## What is being asked
Starting at the line that contains "辅导尾声,王警官还通过科普视频、有奖竞答、现场答疑等和现场同学进行了互动。" in the listing below, write out every line word for word until you have written the line that contains "输入【应用名称】,【应用描述】,上传系统图标或者不上传都可以,点击【确认创建】".

## Information
******

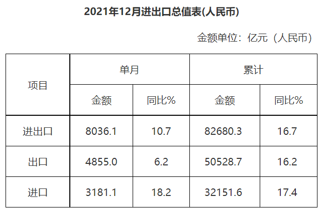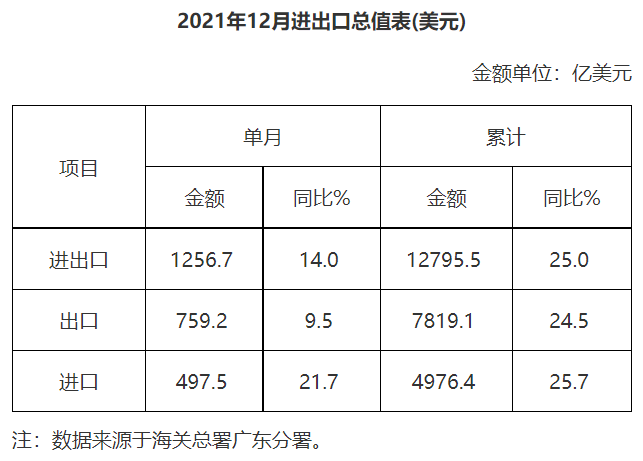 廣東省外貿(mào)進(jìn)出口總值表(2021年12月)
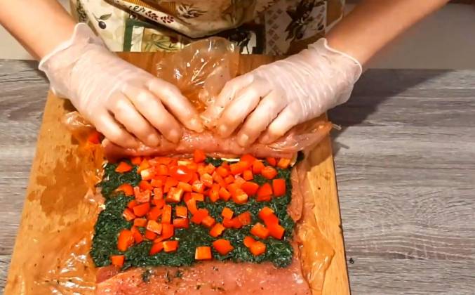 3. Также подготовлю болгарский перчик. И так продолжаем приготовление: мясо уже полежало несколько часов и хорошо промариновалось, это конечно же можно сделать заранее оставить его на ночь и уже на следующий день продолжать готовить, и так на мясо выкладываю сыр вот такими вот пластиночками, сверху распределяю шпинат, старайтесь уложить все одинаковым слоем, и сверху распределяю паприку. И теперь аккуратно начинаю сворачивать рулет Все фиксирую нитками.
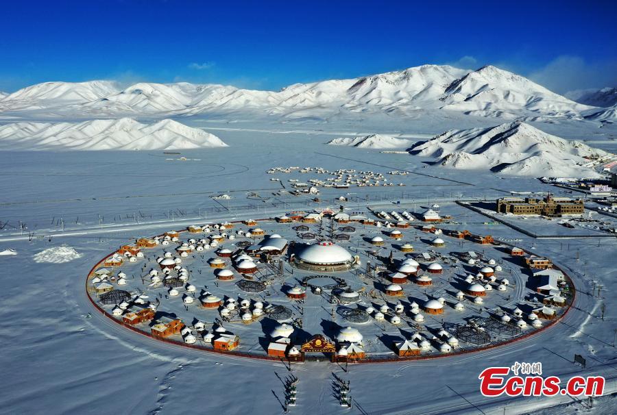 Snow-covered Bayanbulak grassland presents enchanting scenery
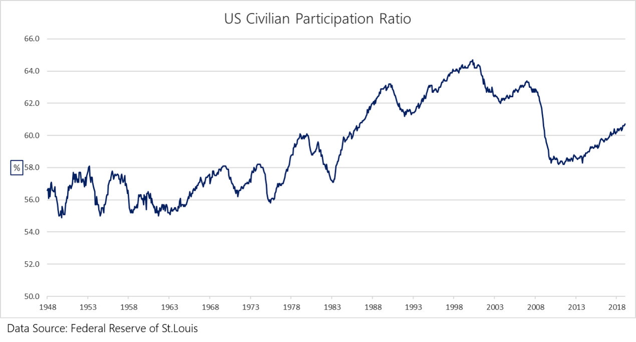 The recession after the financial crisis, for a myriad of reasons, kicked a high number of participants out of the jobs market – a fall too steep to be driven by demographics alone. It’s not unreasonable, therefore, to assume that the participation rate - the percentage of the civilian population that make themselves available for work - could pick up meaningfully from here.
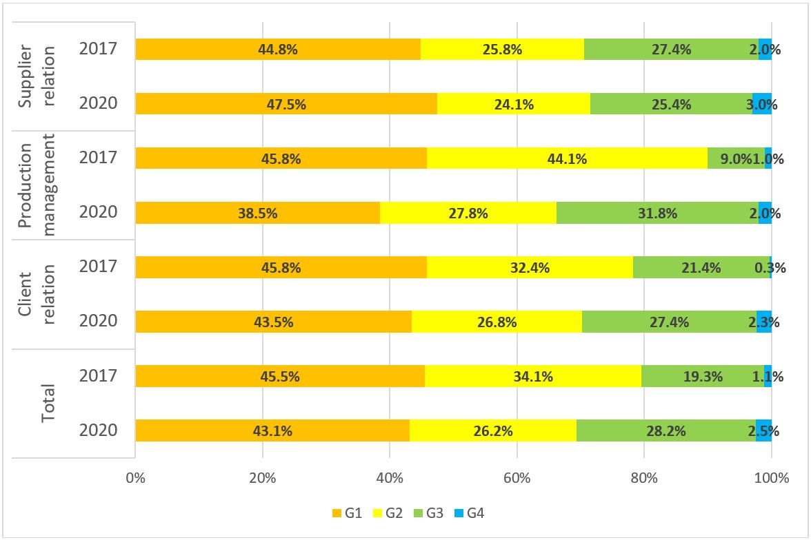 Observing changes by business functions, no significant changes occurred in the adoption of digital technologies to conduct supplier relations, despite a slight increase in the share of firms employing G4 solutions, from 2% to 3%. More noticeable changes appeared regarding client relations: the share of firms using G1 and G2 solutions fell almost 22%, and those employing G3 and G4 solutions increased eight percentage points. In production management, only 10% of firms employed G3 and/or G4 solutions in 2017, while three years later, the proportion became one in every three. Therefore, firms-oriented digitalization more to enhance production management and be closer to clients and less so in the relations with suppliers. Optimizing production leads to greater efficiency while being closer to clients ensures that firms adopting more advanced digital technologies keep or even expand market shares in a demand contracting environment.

******

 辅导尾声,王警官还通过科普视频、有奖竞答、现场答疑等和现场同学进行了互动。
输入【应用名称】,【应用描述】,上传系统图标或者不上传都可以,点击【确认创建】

******

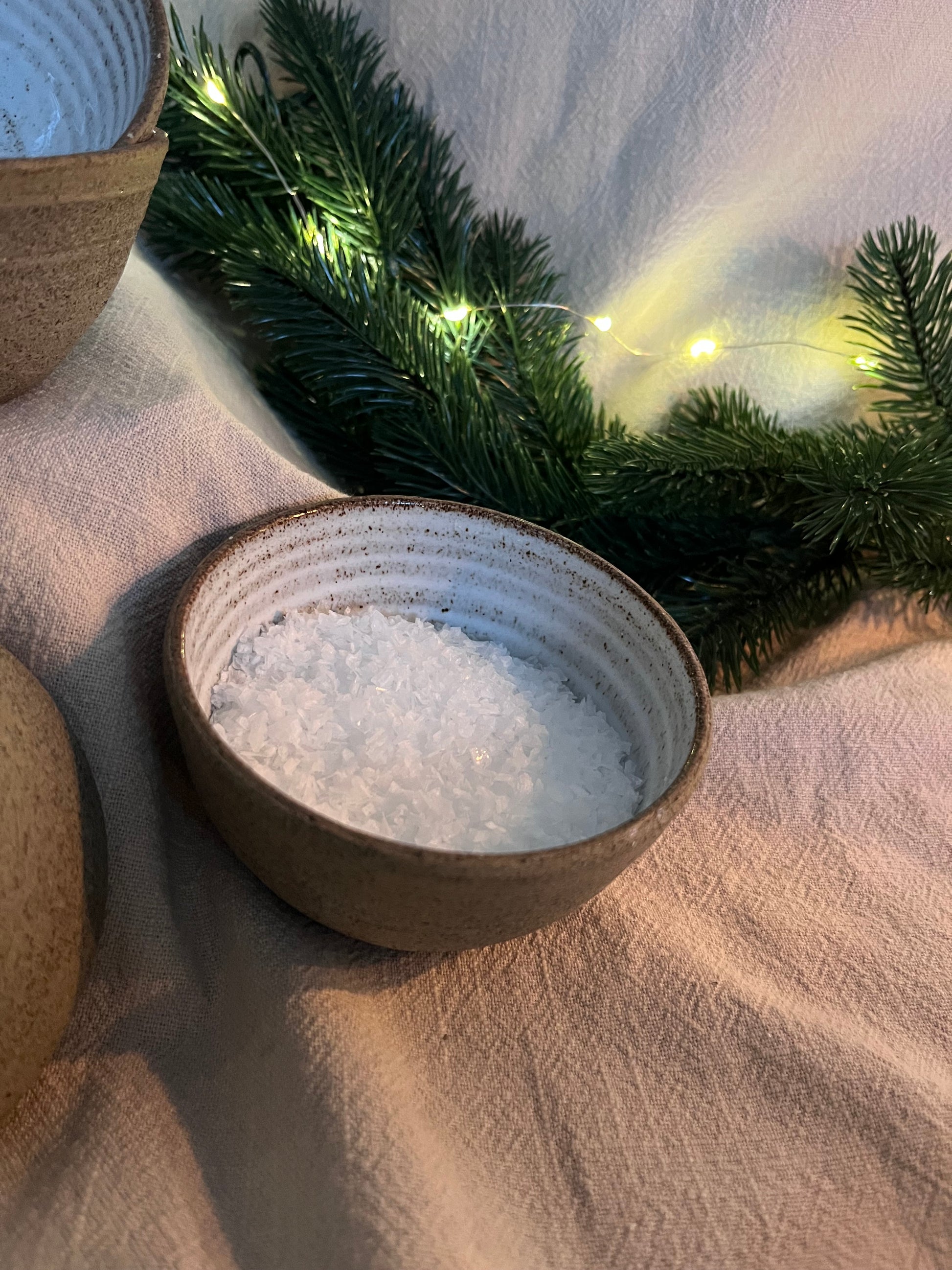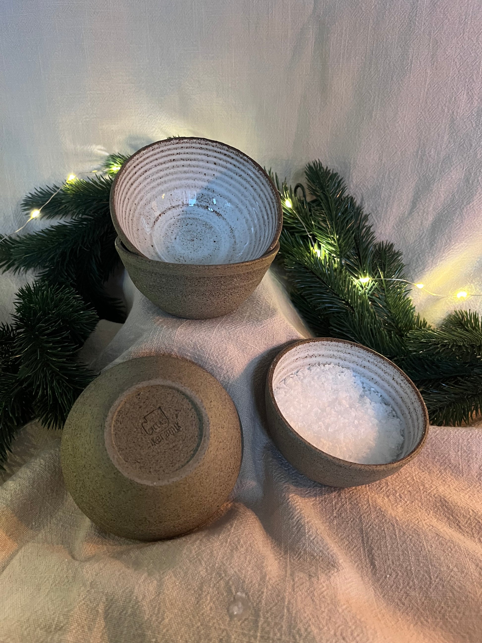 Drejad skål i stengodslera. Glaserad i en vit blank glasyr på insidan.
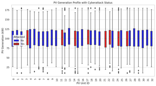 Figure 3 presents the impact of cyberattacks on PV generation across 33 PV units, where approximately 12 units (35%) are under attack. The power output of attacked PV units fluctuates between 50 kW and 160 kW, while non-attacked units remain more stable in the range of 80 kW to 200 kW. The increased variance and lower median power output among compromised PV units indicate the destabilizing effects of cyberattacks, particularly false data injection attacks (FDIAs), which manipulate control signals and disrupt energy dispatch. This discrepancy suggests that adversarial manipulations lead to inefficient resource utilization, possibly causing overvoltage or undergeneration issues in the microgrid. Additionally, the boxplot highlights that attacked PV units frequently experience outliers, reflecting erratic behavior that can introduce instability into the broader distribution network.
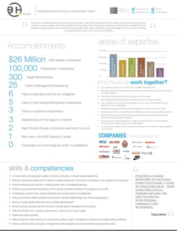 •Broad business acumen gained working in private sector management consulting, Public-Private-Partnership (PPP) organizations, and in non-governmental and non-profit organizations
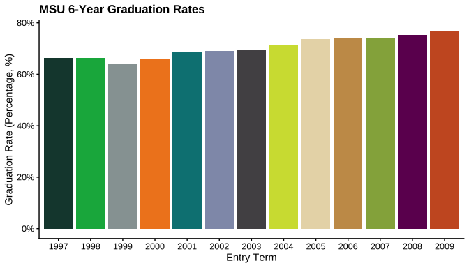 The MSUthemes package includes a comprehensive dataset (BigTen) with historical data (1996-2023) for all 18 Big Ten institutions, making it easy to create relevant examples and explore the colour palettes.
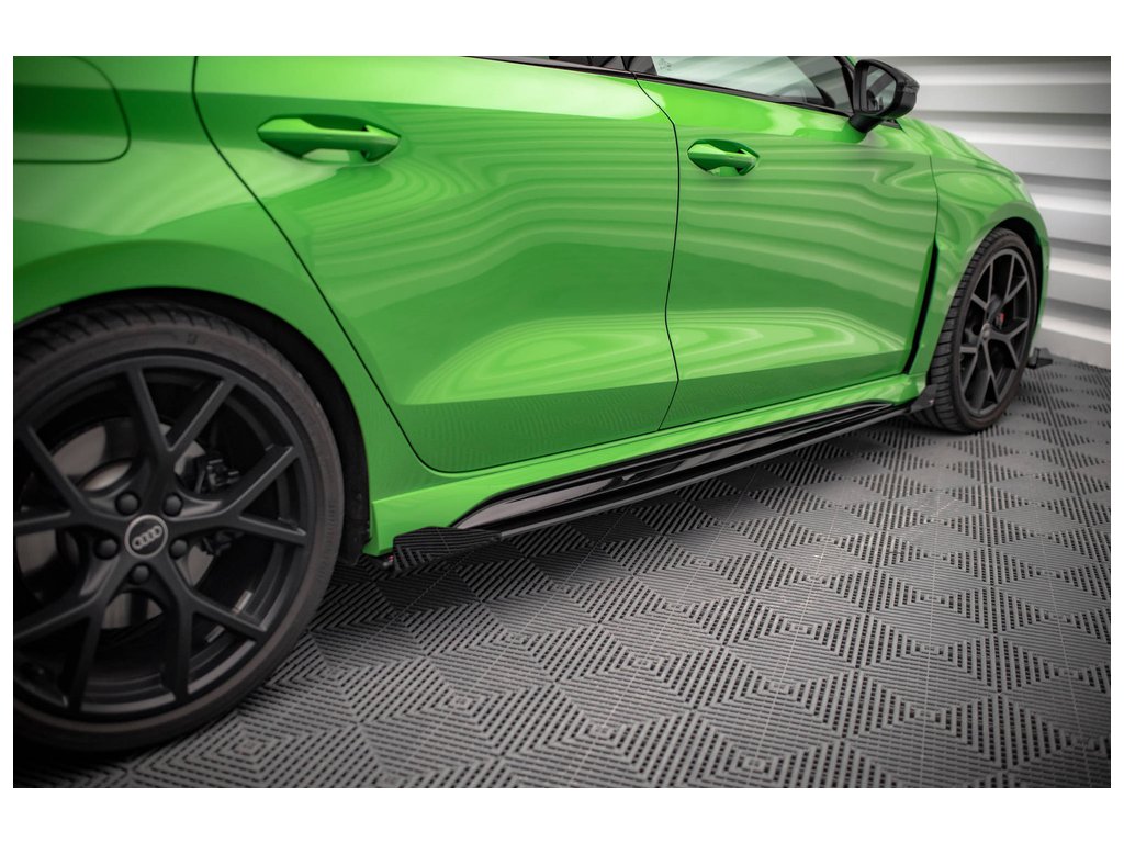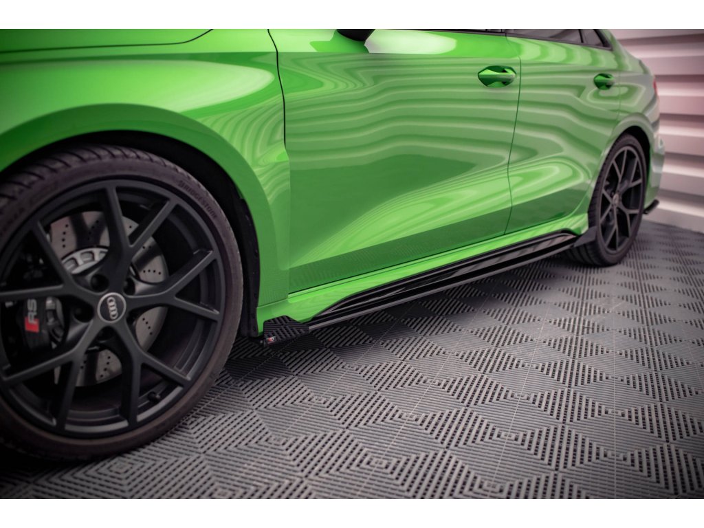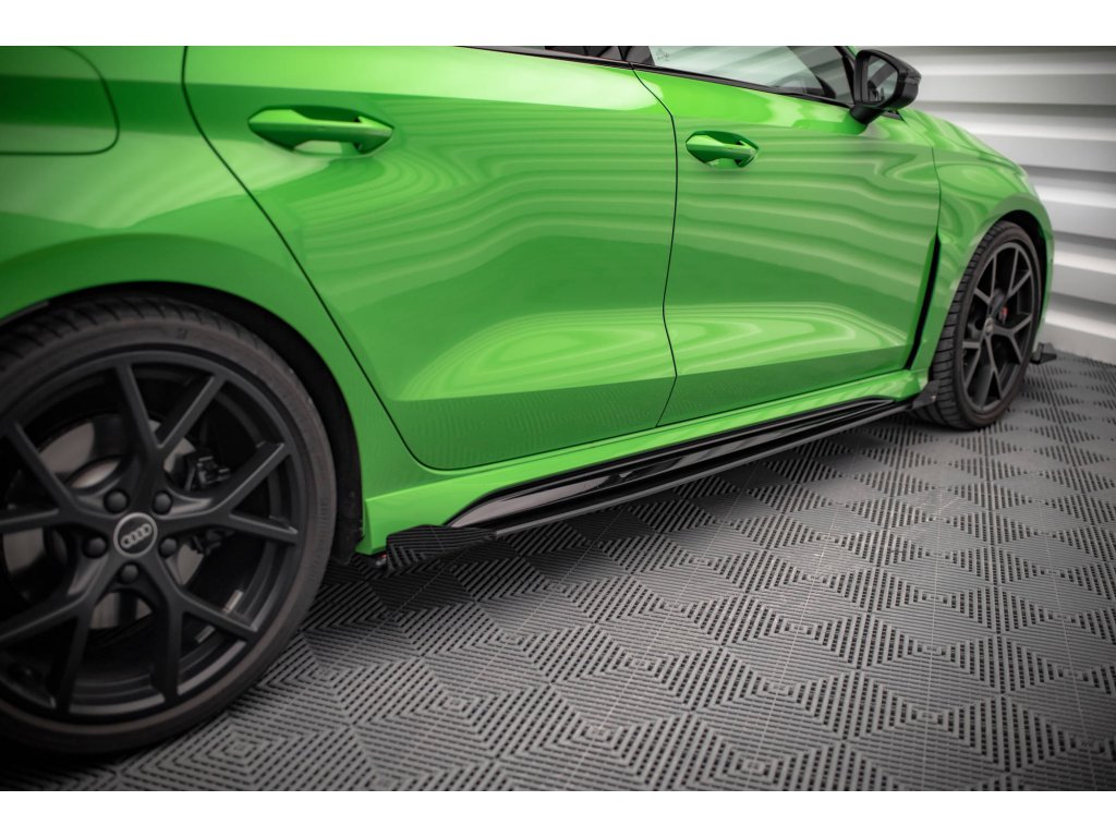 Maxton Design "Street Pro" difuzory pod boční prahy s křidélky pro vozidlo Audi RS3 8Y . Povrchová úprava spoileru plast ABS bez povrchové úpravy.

******

## Result for this task
 辅导尾声,王警官还通过科普视频、有奖竞答、现场答疑等和现场同学进行了互动。
输入【应用名称】,【应用描述】,上传系统图标或者不上传都可以,点击【确认创建】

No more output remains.